(What to work on) The expected output is every entry, repeated exactly.

The records below:

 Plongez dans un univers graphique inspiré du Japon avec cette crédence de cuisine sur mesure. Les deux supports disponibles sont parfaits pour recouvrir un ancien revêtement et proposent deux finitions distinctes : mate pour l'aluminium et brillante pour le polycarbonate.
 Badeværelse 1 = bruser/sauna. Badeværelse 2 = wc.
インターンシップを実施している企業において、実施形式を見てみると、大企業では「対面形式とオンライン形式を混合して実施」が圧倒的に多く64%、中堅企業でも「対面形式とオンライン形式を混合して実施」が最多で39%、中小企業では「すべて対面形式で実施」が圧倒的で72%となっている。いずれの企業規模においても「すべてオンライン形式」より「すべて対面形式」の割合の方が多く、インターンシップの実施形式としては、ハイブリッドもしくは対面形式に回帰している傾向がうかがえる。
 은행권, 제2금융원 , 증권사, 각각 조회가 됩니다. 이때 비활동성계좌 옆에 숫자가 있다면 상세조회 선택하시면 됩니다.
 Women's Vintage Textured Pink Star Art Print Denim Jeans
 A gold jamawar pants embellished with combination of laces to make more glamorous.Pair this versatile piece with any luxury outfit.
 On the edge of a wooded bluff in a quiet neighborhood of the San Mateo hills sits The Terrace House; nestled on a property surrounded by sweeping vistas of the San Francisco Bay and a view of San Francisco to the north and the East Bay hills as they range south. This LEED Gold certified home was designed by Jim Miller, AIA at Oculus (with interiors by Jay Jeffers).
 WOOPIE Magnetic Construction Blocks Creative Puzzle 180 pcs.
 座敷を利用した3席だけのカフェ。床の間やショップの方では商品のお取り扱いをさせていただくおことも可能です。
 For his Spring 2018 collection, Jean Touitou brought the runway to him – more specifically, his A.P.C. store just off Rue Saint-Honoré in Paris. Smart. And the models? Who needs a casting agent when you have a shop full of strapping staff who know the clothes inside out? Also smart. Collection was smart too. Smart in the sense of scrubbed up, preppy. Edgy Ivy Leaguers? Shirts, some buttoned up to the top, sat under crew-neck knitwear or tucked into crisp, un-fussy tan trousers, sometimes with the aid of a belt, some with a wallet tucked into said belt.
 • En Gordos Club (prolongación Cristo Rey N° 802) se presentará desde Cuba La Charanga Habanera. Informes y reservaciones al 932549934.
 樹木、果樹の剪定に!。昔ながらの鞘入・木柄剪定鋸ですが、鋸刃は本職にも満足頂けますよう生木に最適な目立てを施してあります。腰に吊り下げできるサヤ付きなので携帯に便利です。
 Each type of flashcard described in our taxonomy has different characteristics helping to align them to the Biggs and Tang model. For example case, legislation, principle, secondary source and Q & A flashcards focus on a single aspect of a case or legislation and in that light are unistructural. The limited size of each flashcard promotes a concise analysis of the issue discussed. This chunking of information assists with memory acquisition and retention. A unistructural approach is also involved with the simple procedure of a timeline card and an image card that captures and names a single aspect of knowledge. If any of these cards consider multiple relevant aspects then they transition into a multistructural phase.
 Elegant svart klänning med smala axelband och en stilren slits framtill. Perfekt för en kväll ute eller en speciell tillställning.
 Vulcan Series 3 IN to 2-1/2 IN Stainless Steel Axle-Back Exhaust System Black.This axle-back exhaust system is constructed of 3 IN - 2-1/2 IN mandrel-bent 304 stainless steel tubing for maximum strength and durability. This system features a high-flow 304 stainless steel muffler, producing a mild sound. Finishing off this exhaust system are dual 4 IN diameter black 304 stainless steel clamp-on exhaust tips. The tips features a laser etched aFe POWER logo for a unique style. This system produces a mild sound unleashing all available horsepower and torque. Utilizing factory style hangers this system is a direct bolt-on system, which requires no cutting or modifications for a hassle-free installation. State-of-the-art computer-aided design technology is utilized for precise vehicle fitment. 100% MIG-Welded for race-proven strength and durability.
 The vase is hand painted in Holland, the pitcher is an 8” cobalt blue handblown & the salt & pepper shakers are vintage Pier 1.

End of The records.

(Task solution)
 Plongez dans un univers graphique inspiré du Japon avec cette crédence de cuisine sur mesure. Les deux supports disponibles sont parfaits pour recouvrir un ancien revêtement et proposent deux finitions distinctes : mate pour l'aluminium et brillante pour le polycarbonate.
 Badeværelse 1 = bruser/sauna. Badeværelse 2 = wc.
インターンシップを実施している企業において、実施形式を見てみると、大企業では「対面形式とオンライン形式を混合して実施」が圧倒的に多く64%、中堅企業でも「対面形式とオンライン形式を混合して実施」が最多で39%、中小企業では「すべて対面形式で実施」が圧倒的で72%となっている。いずれの企業規模においても「すべてオンライン形式」より「すべて対面形式」の割合の方が多く、インターンシップの実施形式としては、ハイブリッドもしくは対面形式に回帰している傾向がうかがえる。
 은행권, 제2금융원 , 증권사, 각각 조회가 됩니다. 이때 비활동성계좌 옆에 숫자가 있다면 상세조회 선택하시면 됩니다.
 Women's Vintage Textured Pink Star Art Print Denim Jeans
 A gold jamawar pants embellished with combination of laces to make more glamorous.Pair this versatile piece with any luxury outfit.
 On the edge of a wooded bluff in a quiet neighborhood of the San Mateo hills sits The Terrace House; nestled on a property surrounded by sweeping vistas of the San Francisco Bay and a view of San Francisco to the north and the East Bay hills as they range south. This LEED Gold certified home was designed by Jim Miller, AIA at Oculus (with interiors by Jay Jeffers).
 WOOPIE Magnetic Construction Blocks Creative Puzzle 180 pcs.
 座敷を利用した3席だけのカフェ。床の間やショップの方では商品のお取り扱いをさせていただくおことも可能です。
 For his Spring 2018 collection, Jean Touitou brought the runway to him – more specifically, his A.P.C. store just off Rue Saint-Honoré in Paris. Smart. And the models? Who needs a casting agent when you have a shop full of strapping staff who know the clothes inside out? Also smart. Collection was smart too. Smart in the sense of scrubbed up, preppy. Edgy Ivy Leaguers? Shirts, some buttoned up to the top, sat under crew-neck knitwear or tucked into crisp, un-fussy tan trousers, sometimes with the aid of a belt, some with a wallet tucked into said belt.
 • En Gordos Club (prolongación Cristo Rey N° 802) se presentará desde Cuba La Charanga Habanera. Informes y reservaciones al 932549934.
 樹木、果樹の剪定に!。昔ながらの鞘入・木柄剪定鋸ですが、鋸刃は本職にも満足頂けますよう生木に最適な目立てを施してあります。腰に吊り下げできるサヤ付きなので携帯に便利です。
 Each type of flashcard described in our taxonomy has different characteristics helping to align them to the Biggs and Tang model. For example case, legislation, principle, secondary source and Q & A flashcards focus on a single aspect of a case or legislation and in that light are unistructural. The limited size of each flashcard promotes a concise analysis of the issue discussed. This chunking of information assists with memory acquisition and retention. A unistructural approach is also involved with the simple procedure of a timeline card and an image card that captures and names a single aspect of knowledge. If any of these cards consider multiple relevant aspects then they transition into a multistructural phase.
 Elegant svart klänning med smala axelband och en stilren slits framtill. Perfekt för en kväll ute eller en speciell tillställning.
 Vulcan Series 3 IN to 2-1/2 IN Stainless Steel Axle-Back Exhaust System Black.This axle-back exhaust system is constructed of 3 IN - 2-1/2 IN mandrel-bent 304 stainless steel tubing for maximum strength and durability. This system features a high-flow 304 stainless steel muffler, producing a mild sound. Finishing off this exhaust system are dual 4 IN diameter black 304 stainless steel clamp-on exhaust tips. The tips features a laser etched aFe POWER logo for a unique style. This system produces a mild sound unleashing all available horsepower and torque. Utilizing factory style hangers this system is a direct bolt-on system, which requires no cutting or modifications for a hassle-free installation. State-of-the-art computer-aided design technology is utilized for precise vehicle fitment. 100% MIG-Welded for race-proven strength and durability.
 The vase is hand painted in Holland, the pitcher is an 8” cobalt blue handblown & the salt & pepper shakers are vintage Pier 1.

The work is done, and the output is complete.